Karanlık Yasak Lord Yeşim İmparatoru Zhou Yan’ı ölümüne lanetlemek istiyordu!
Yeşim İmparatoru Zhou Yan’ın ölümüne lanetlenmesi çok zor olsa da, bu gidişle Tao Meyvesi dengesizleşecek ve xiulian uygulaması kesinlikle azalacaktı. Hatta Qi Sapması’ndan muzdarip olabilir ve bir Göksel Şeytan haline gelebilirdi.
Büyük Dokuz Cennet yardım etmek için elinden geleni yaptı.
Ancak, lanet gücü hala artıyordu!
Onu engelleyemedi!
Kahretsin!
Yeşim İmparatoru Zhou Yan mahvolmuştu!
Büyük Dokuz Gök’ün yüz ifadesi son derece
çirkin.
Yeşim İmparatoru Zhou Yan aniden başını kaldırdı ve “Ahhh” diye kükredi.
Bu kükreme sayısız dünyaya yayıldı. Herkes onun ses tonundaki nefreti duyabiliyordu.
Yeşim İmparatoru Zhou Yan’ın bedeni patladı ve ruhu siyah bir sise dönüştü. Büyük Dokuz Cennet’in ifadesi büyük ölçüde değişti. “Şeytan Qi! Bu nasıl mümkün olabilir!”
Ardından ifadesi öfkeye dönüştü.
Bu adam gerçekten de Şeytan Ata’ya sığındı!
Öldürülmek istiyor!
Yeşim İmparatoru Zhou Yan’ın dönüştüğü kara sis aniden Büyük Dokuz Cennet’e doğru koştu. Kükredi, “Ölsem bile seni de kendimle birlikte aşağı çekeceğim! Yüce Dokuz Gök! Korkunç bir ölümle öleceksin!”

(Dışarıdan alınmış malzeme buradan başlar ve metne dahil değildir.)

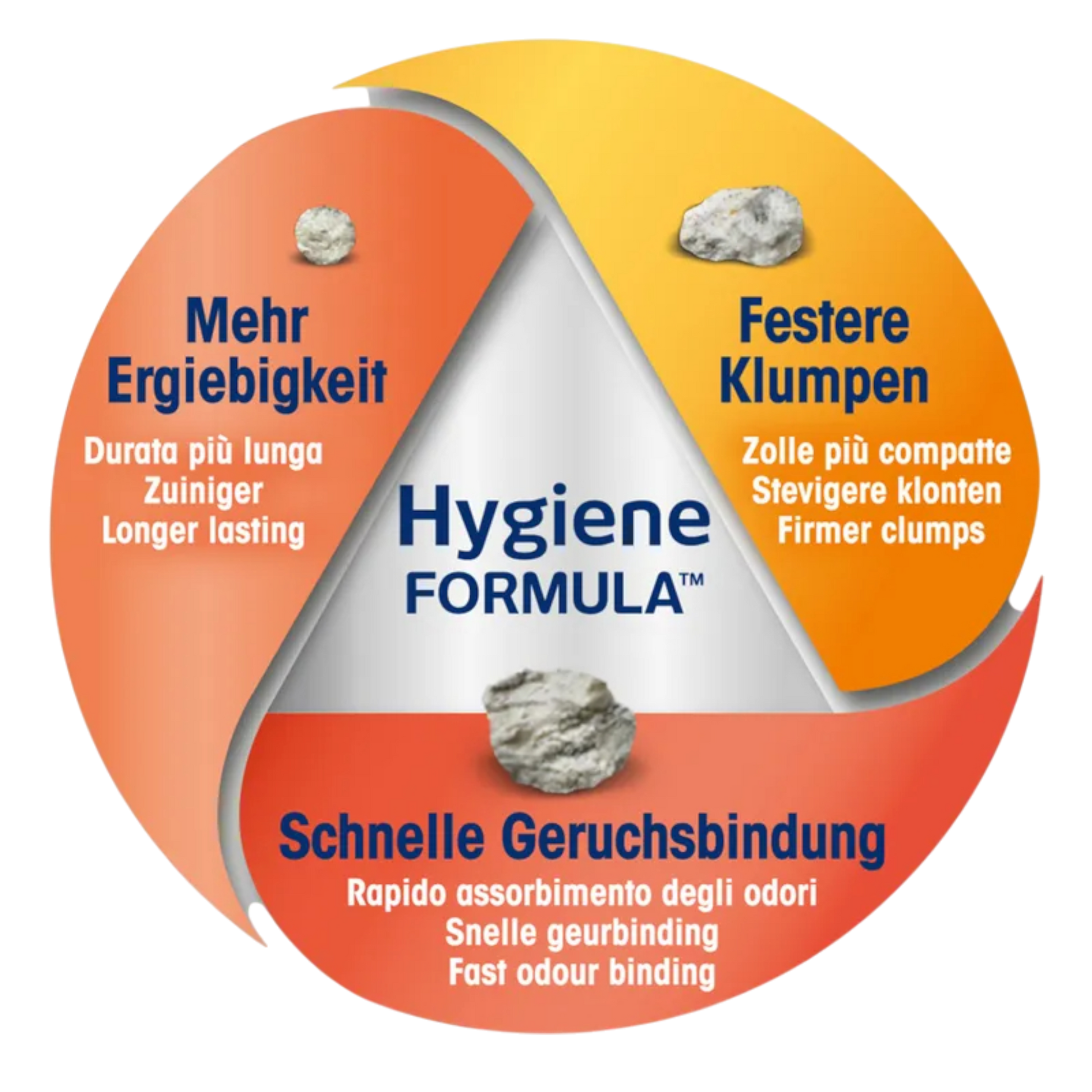 Die großen Körner wirken wie kleine Schwämme und nehmen Gerüche sowie Flüssigkeit besonders effektiv auf. Die mittleren Körner bilden schnell stabile, flache Klumpen, die sich leicht entnehmen lassen. Die kleinen Körner optimieren die Ergiebigkeit, indem sie sich im gesamten Streubett verteilen und die Leistung der größeren Korngrößen verstärken.

Büyük Dokuz Gök, engellemek için elini kaldırırken bu adamı deli olduğu için lanetledi.
(Senin lanetin yüzünden düşmanın Yeşim İmparatoru Zhou Yan’ın bedeni yok oldu ve ruhu Şeytan Ata tarafından yutuldu.]
Bu e-postayı gören Han Jue rahat bir nefes aldı.

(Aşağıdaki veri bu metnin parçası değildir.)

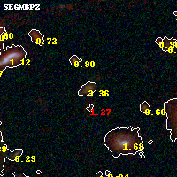 Object #77 x,y = (2256, 3588) RA, Dec = (01:37:26.112, -8:26:16.44) = (24.35880, -8.43790) BPZ = 3.358 [3.238--3.628] type = 9.00 (SB2_B10) chisq2 = 0.31 ODDS = 0.89 z_cluster = 0.566

Bu sefer aşırıya kaçmıştı.
Aslında ömrünün 300 milyar yılını tüketmişti. Talihsizlik Kitabı’nı tutan eli titriyordu.
Ne kadar abartılı!
Cennet İmparatoru, gerçekten elimden geleni yaptım.

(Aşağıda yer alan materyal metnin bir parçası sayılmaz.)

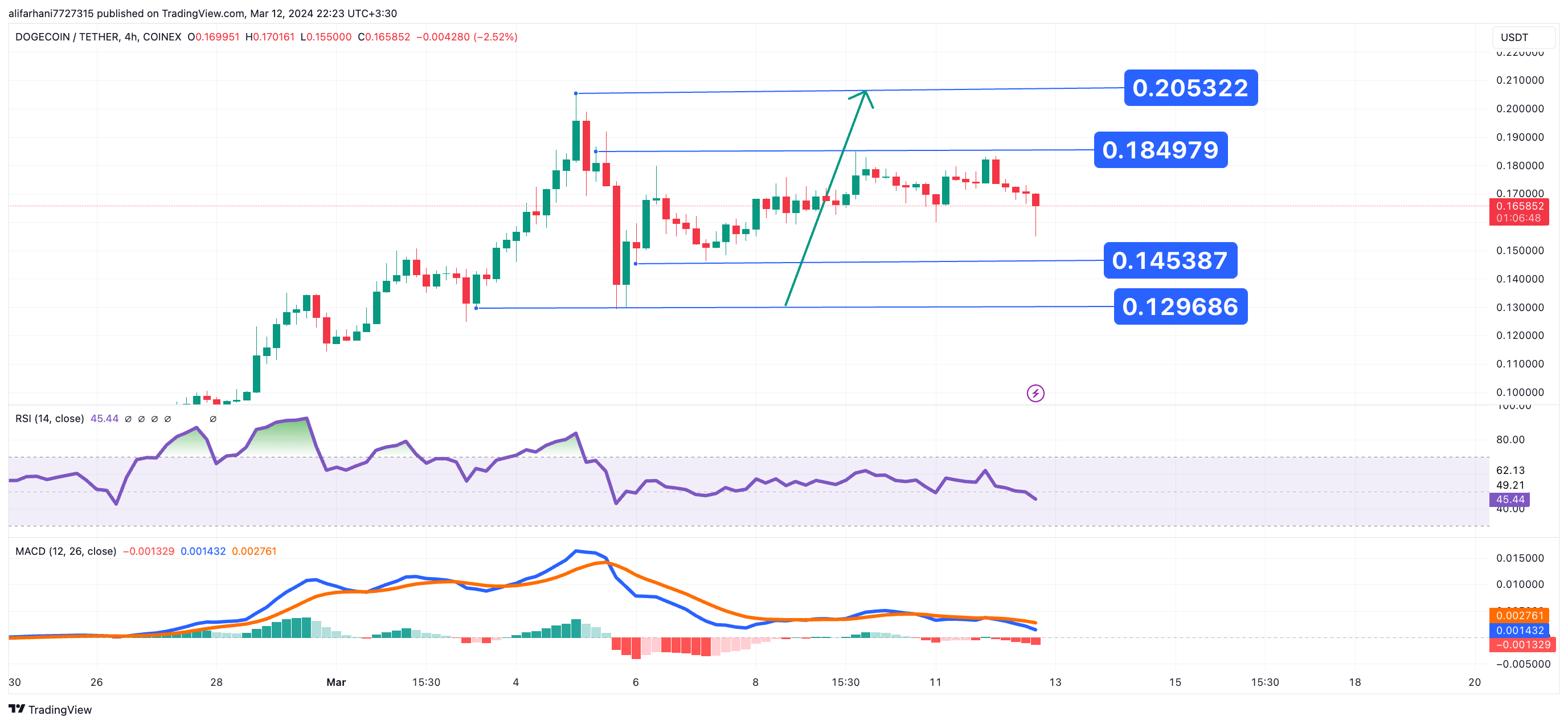 تحلیل تکنیکال دوج کوین ۱۴۰۲/۱۲/۲۲، ادامه روند صعودی صعودی

Han Jue’nun gözleri keskinleşti.
Henüz bitmemişti!
Sırada Büyük Dokuz Cennet vardı!
Ama ondan önce Han Jue’nun dinlenmesi gerekiyordu.
Birkaç gün sonra.
Han Jue Talihsizlik Kitabı’nı tekrar tuttu ve Büyük Dokuz Cennet’i lanetledi.
Diğer tarafta.
Büyük Dokuz Gök savaşı henüz bitirmiş ve Yeşim İmparatoru Zhou Yan’ı salondan kovmuştu. Güçlü bir lanet hissettiğinde yaralarını iyileştirmek için meditasyon yapıyordu.
Yüz ifadesi karardı. Lanet olası Kara Yasak Lordu onu hedef almıştı!